Participants were scanned using a 3-Tesla GE Discovery scanner and a 32-channel head coil. A structural scan (T1 weighted 1-mm³ voxel resolution) was acquired for use in pre-processing purposes (TR: 7200 ms, TE 2.7 ms, 176 sagittal slices, 1 mm thick, no gap, 256 × 256 × 256 matrix). For functional imaging, a GE Multiecho “HyperMEPI” echoplanar imaging sequence [ref. 53] that employs multiband [3 echo times] fMRI was used, enabling improved signal to inferior regions (e.g., VMPFC etc.) which generally suffer from signal loss [ref. 54]. Multiphase volumes of whole brain, comprising 45 axial slices were collected in an ascending interleaved fashion angled 15 degree from the AC-PC line superior to inferior using a Gradient Echo pulse sequence with 3 echoes (TR: 2000 ms, TE₁ /TE₂ /TE₃ = 10/25/40 ms, Flip Angle:70°, FOV:220 mm, matrix of 64 × 64, slice thickness 3 mm; slice gap 0.4 mm; with a voxel resolution 3.44 × 3.44 × 3.44 mm3). Additionally, A B₀ map was acquired (TR = 1000 ms, TE = 4.6 ms, flip angle 30°, FOV: 220 mm, matrix 64 × 64 and bandwidth 62.5). Task acquisition was 646 s. 323 echoplanar image volumes comprising 45 axial slices were acquired from ventral to dorsal (963 images from three diff TEs). Participants’ heads were fixed with foam pads and a set of MRI compatible headphones to minimise head movement and framewise displacement.

Image processing

Cue reactivity relevant functional scans were processed using FMRIPrep ([ref. 55, ref. 56], RRID:SCR_016216); a summary is provided here, with full preprocessing pipeline presented in Supplementary Material (FMRIprep boiler plate in supplementary). Intensity non-uniformity correction was applied to T1-w images which were then skull-stripped. These T1-w images were then used in brain surface reconstruction with volume-bases structural images segmented and normalised into MNI space.

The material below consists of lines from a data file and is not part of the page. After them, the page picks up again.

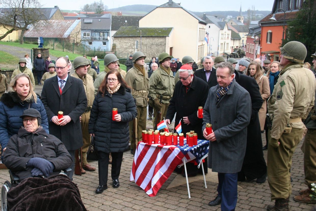 No der Aweiung vun engem Gedenksteen zu Léilien, deen de südlechste Punkt vun der Ardennenoffensiv markéiert, hunn d’Gemeng Rouspert-Mompech an d’Stad Iechternach op weider Manifestatiounen am Kader vun der Commemoratioun „80 Joer Ardennenoffensiv” invitéiert.
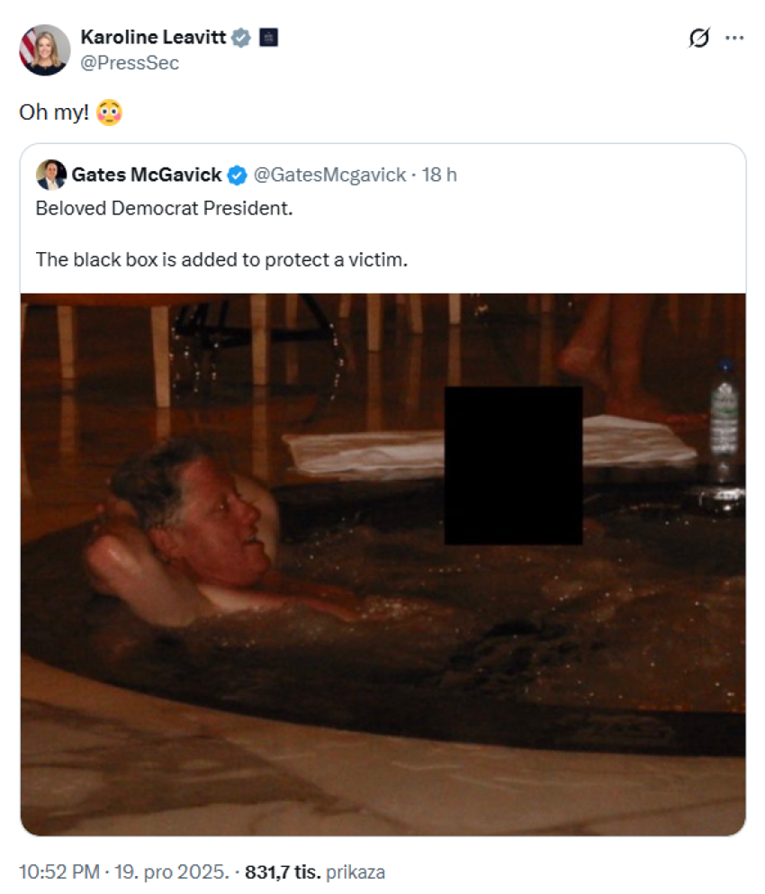 Objavu je brzo iskoristila Bijela kuća. Tajnica za medije Karoline Leavitt podijelila je sliku Clintona iz bazena na X-u uz komentar "O, Bože!".
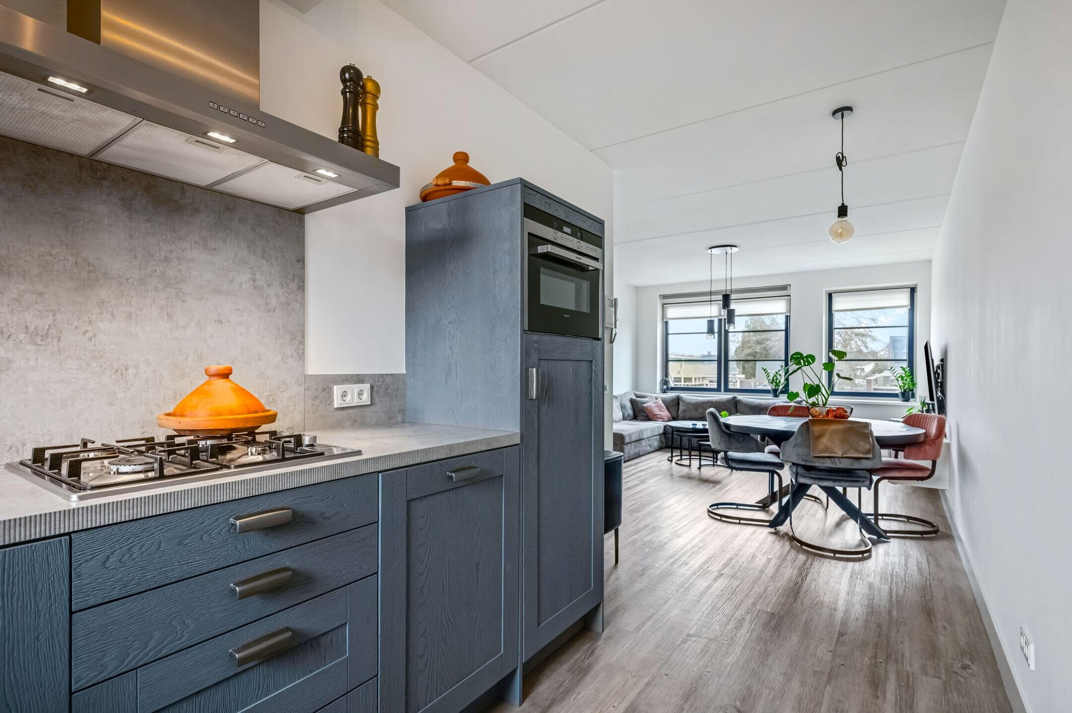 De eerste woonlaag vormt het hart van het appartement en kenmerkt zich door de ruime en lichte living. De entree beschikt over een ruime hal met garderobemogelijkheid en een toilet. Zodra we doorlopen richting de living, valt de ruimte meteen op door de lichtinval vanuit de royale raampartijen aan de voor- en achterzijde. De living biedt meer dan voldoende ruimte voor een comfortabele zithoek, tv-meubel en een eettafel. De moderne keuken is ruim opgezet en is voorzien van onder andere een inductiekookplaat, combi-oven, koelkast en vriezer.
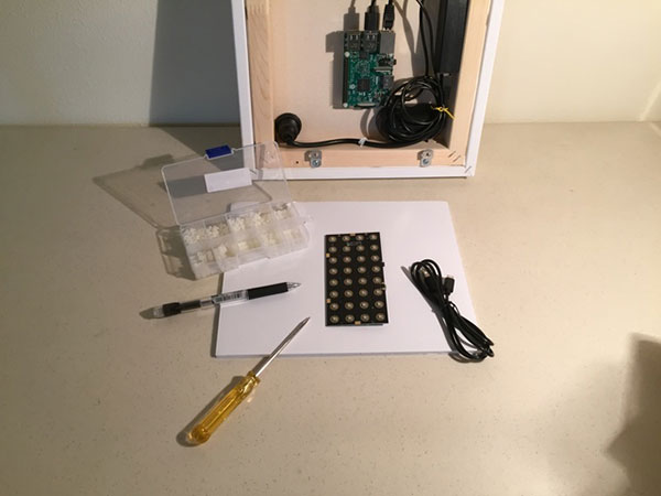 The parts above will be placed inside the canvas (except for the USB microSD card reader/writer, which is a tool used for programming the microSD memory card). There are some additional parts you will need, to bring power and Ethernet into the canvas.

For each participant, and session a reference volume was generated from the shortest echo of the BOLD run and skull-stripped. Head motion was estimated with respect to the BOLD reference. Respective field maps (B0-nonuniformity map) were co-registered to the EPI reference run and then converted to a displacements field map. A corrected EPI reference was calculated using the estimated susceptibility distortion for a more accurate co-registration with the T1-w image. This displacement field map was then used to better co-register the BOLD reference scan to the T1w. BOLD reference volumes were then co-registered to the T1w reference and the timeseries were resampled onto their original, native space by applying a single, composite transform to correct for head-motion and susceptibility distortions resulting in a pre-processed BOLD timeseries (PP BOLD). fMRIPrep was then leveraged to optimally combine each of the three different echo image sets. To do this the monoexponential signal decay model was fitted to a nonlinear regression to create a T2* map (using T2*/S0 estimates from a log-linear regression fit as initial values). Using the method described in [ref. 57], this T2* map was then used to combine PP BOLD across echoes. The remaining were optimally combined PP BOLD time series. These were then distortion-corrected using the B0 field maps, motion correct, co-registered to the T1-w structural data, normalised to MNI space, projected to cortical surface and then resampled to FreeSurfer’s (FreeSurfer 6.0.1, surfer.nmr.mgh.harvard.edu) fsaverage space. fMRI images were then resampled in SPM12 with spatial smoothing using a kernal of 8mm for subsequent fMRI subject modelling. See Supplementary Material for further details (image data preprocessing).

Statistical analysis

Mean, standard deviation, and proportions were calculated for all relevant sample characteristics using R software (Version 4.0.3). Further relevant state change covariates (previous day drinking, session order, and crossover contrasts defined using crosscarry package [ref. 58]) were extracted for use as covariates in subsequent generalised estimation equations (GEE). For all other non-imaging measures including mood, craving and cognitive tasks, GEEs in R software (Version 4.0.3) were used to test for statistically significant differences between treatment (CBD vs placebo) and across time (pre/post scan and alcohol vs control blocks). Interactions were examined for treatment effects across time (ie treatment effects for comparisons between alcohol/control cue exposure blocks or pre/post scan). Implementation of Generalised Estimating Equations (GEE), in addition to the use of the CrossCarry package, accounts for the complexities typical of crossover designs. CrossCarry allows for the incorporation of flexible covariate structures that can explicitly model distinct effects such as carry over effects, order effects, and habituation. In addition, GEE explicitly accounts for within-subject correlation by using a working correlation structure (in this case exchangeable), ensuring accurate estimation of the treatment effects and standard error. Therefore, by leveraging CrossCarry along with GEE our analysis presents a statistically rigorous method for isolating treatment effects while accounting for typical effects such as habituation.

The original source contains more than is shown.